Palladian: Changelog

This log gives an overview of the most prominent changes in each release. Minor fixes, changes “under the hood” and refactoring changes are not listed here. While we were rather sloppy with the versioning in the past, we follow the Semantic Versioning scheme and the guidelines from “Keep a Changelog” since 2019.

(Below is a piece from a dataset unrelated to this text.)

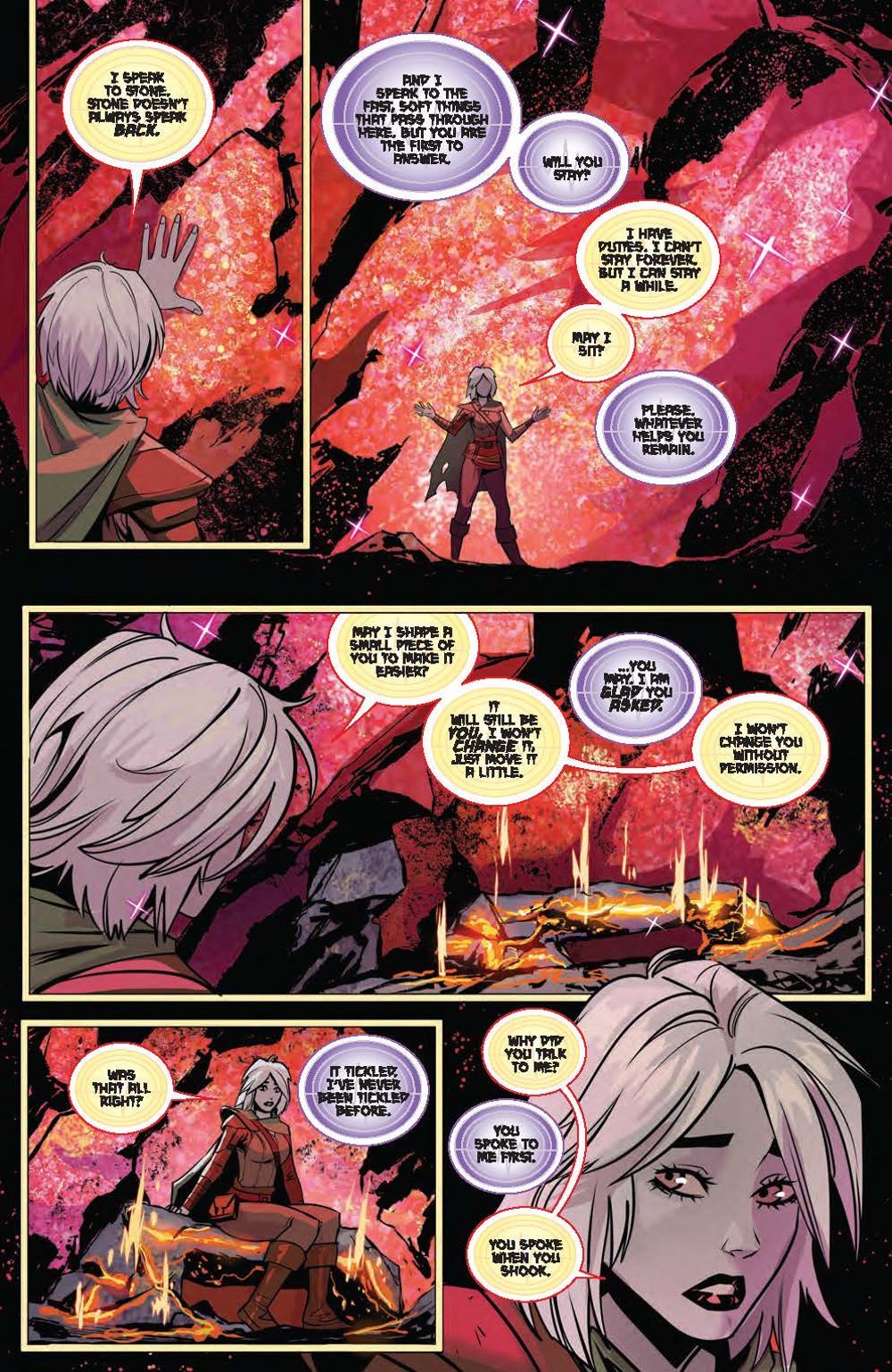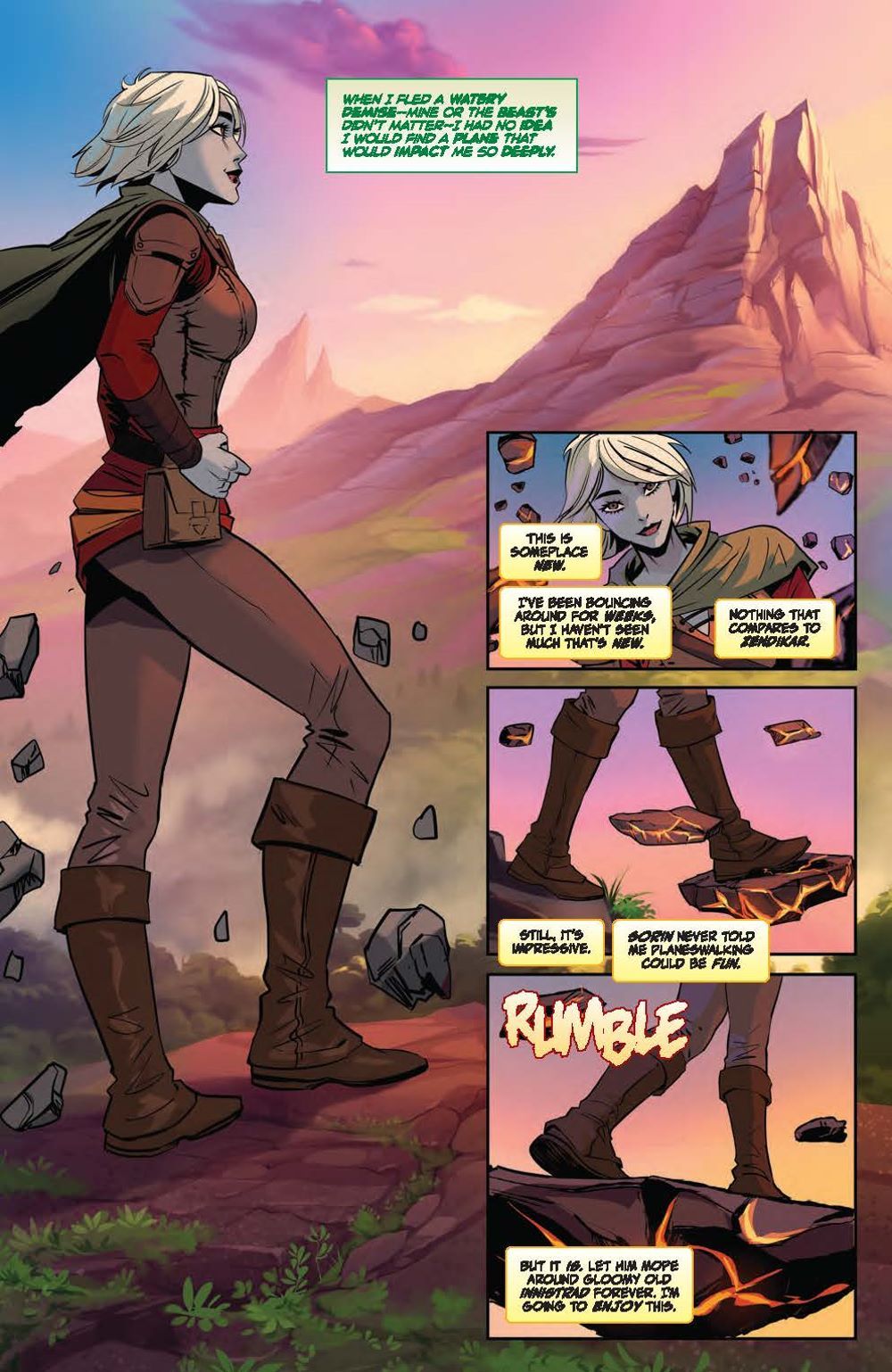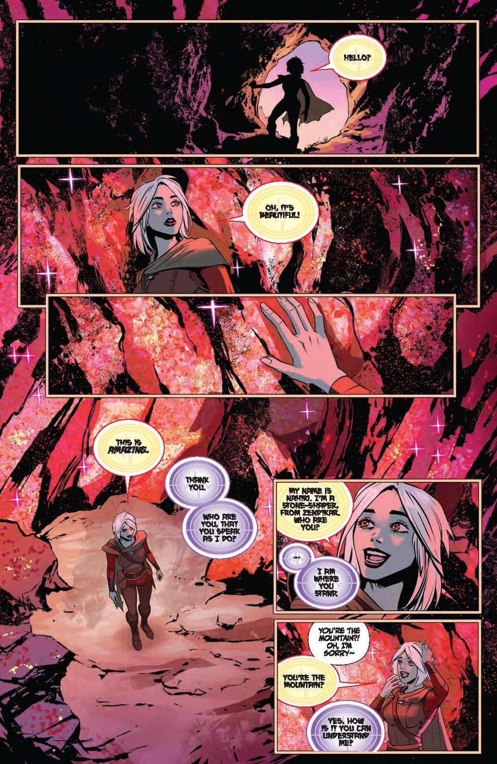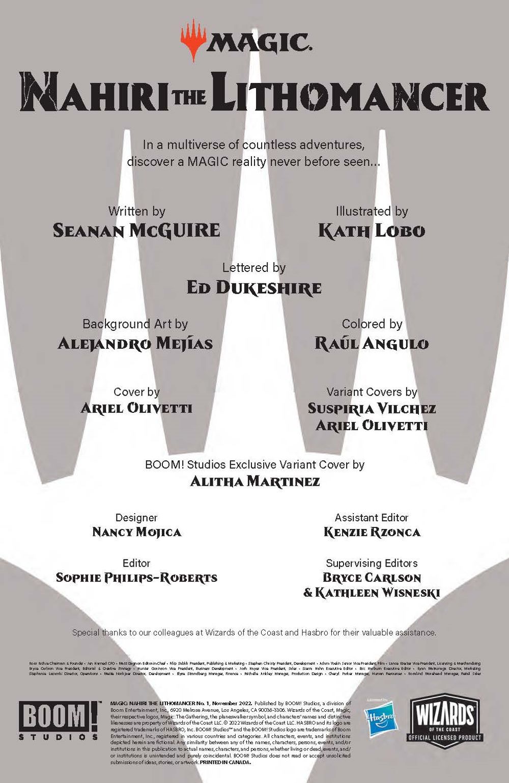 SPECIAL ISSUE. Nebula, Hugo, Locus, and Alex Award-winning novelist Seanan McGuire (Ghost- Spider) returns to the world of Magic: The Gathering with artist Fabiana Mascolo (Firefly, Cyberpunk 2077: Blackout) to bring Nahiri the Lithomancer to comics! Nahiri–also known as The Harbinger–has protected her home plane of Zendikar for centuries, her ruthlessness and terrible deeds kept in check by a strong sense of justice. But her fate is far from decided, and a new challenge awaits that may change the way the entire Multiverse perceives her…

version-2.3.0 (2020-09-25)

Info
Requires at least KNIME 4.0 (please make sure you’re using an update site URL corresponding to your KNIME version)
Add
Regex Extractor: Add a “Rows or Missing” output mode which appends a row with missing value cells in case of a no-match (see here)
Add
Text Classifier Model Writer: Report progress while writing model
Add
Text Classifier Model Reader: Report progress whiel reading model
Add
GeoIP2 Extractor, GeoIP2 DB Connector, GeoIP2 WS Connector: New nodes to get information for IP addresses using the MaxMind API or MMDB files
Change
More efficient storage of HttpResult cells
Change
Improved renderer for HttpResult cells showing headers and payload
Change
HTML Parser: Add “Drop input column” setting (see here)
Change
HTML Parser: Allow to input HTML strings
Change
Regex Extractor: Timeout presumably endless regexes in dialog after 15 seconds
Change
Regex Extractor: Allow to cancel long running regexes during node execution
Change
String Similarities: Allow to configure name of output column (see here)
Fix
Text Classifier Model Writer: Ensure that model file is always written in GZIP format (see here)
Fix
Text Classifier Model Writer: Ensure that .palladianDictionaryModel extension is appended
Fix
String Similarities: Handle missing value input

version-2.2.0 (2020-05-15)

Add
Regex Extractor: Add a “Columns” output mode which appends a column for each matched group.
Fix
Google Address Geocoder: Fix pointer to preferences in node documentation – kudos to joan_beneyto
Fix
Location Extractor: Fix pointer to preferences in node documentation
Fix
MapQuest Geocoder: Fix pointer to preferences in node documentation

version-2.1.0 (2020-05-08)

Add
Regex Extractor: Add “Drop Full Match” option (see here)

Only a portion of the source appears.